» What the task requires
Return the data exactly, without pictures.

» Recorded information
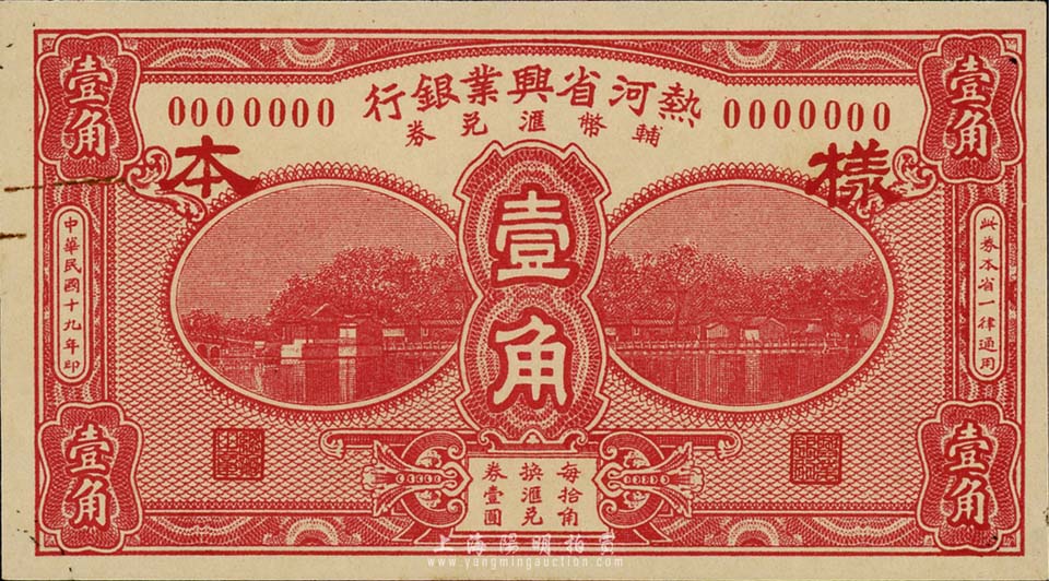 民国十九年(1930年)热河省兴业银行辅币汇兑券壹角样本券,正背共2枚,森本勇先生藏品,九六成新
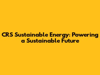 CRS Sustainable Energy: Building A Greener Future
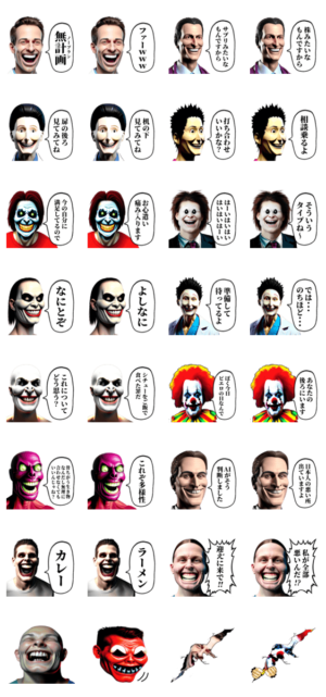 【ネタ/煽り/吹き出し/面白い/ホラー/日常/敬語/丁寧/ビジネス/変人/ピエロ/恐怖/外国人/親父ギャグ/変態/シュール/おじさん/かっこいい/イケメン/子供/その他】ヤバいスタンプ屋さん より発売
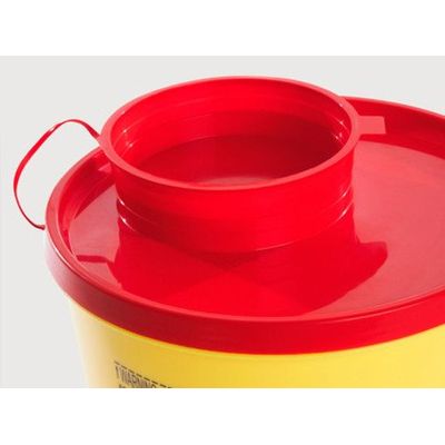 The PBS line includes round shape disposable and puncture resistant containers for the disposal of sharp and cutting waste and it comes in sever sizes. The conical shape and the indent on the lid ease the disposal and the remove of needles, whilst the anti-defluxion flow wings on the lid prevent the outflow of the waste. All the models have temporary and definite closure and are fitted with solid handle; the three most volumious models are fitted with an ergonomic handle that eases use.

» Solution to the problem
 民国十九年(1930年)热河省兴业银行辅币汇兑券壹角样本券,正背共2枚,森本勇先生藏品,九六成新
 CRS Sustainable Energy: Building A Greener Future
 【ネタ/煽り/吹き出し/面白い/ホラー/日常/敬語/丁寧/ビジネス/変人/ピエロ/恐怖/外国人/親父ギャグ/変態/シュール/おじさん/かっこいい/イケメン/子供/その他】ヤバいスタンプ屋さん より発売
 The PBS line includes round shape disposable and puncture resistant containers for the disposal of sharp and cutting waste and it comes in sever sizes. The conical shape and the indent on the lid ease the disposal and the remove of needles, whilst the anti-defluxion flow wings on the lid prevent the outflow of the waste. All the models have temporary and definite closure and are fitted with solid handle; the three most volumious models are fitted with an ergonomic handle that eases use.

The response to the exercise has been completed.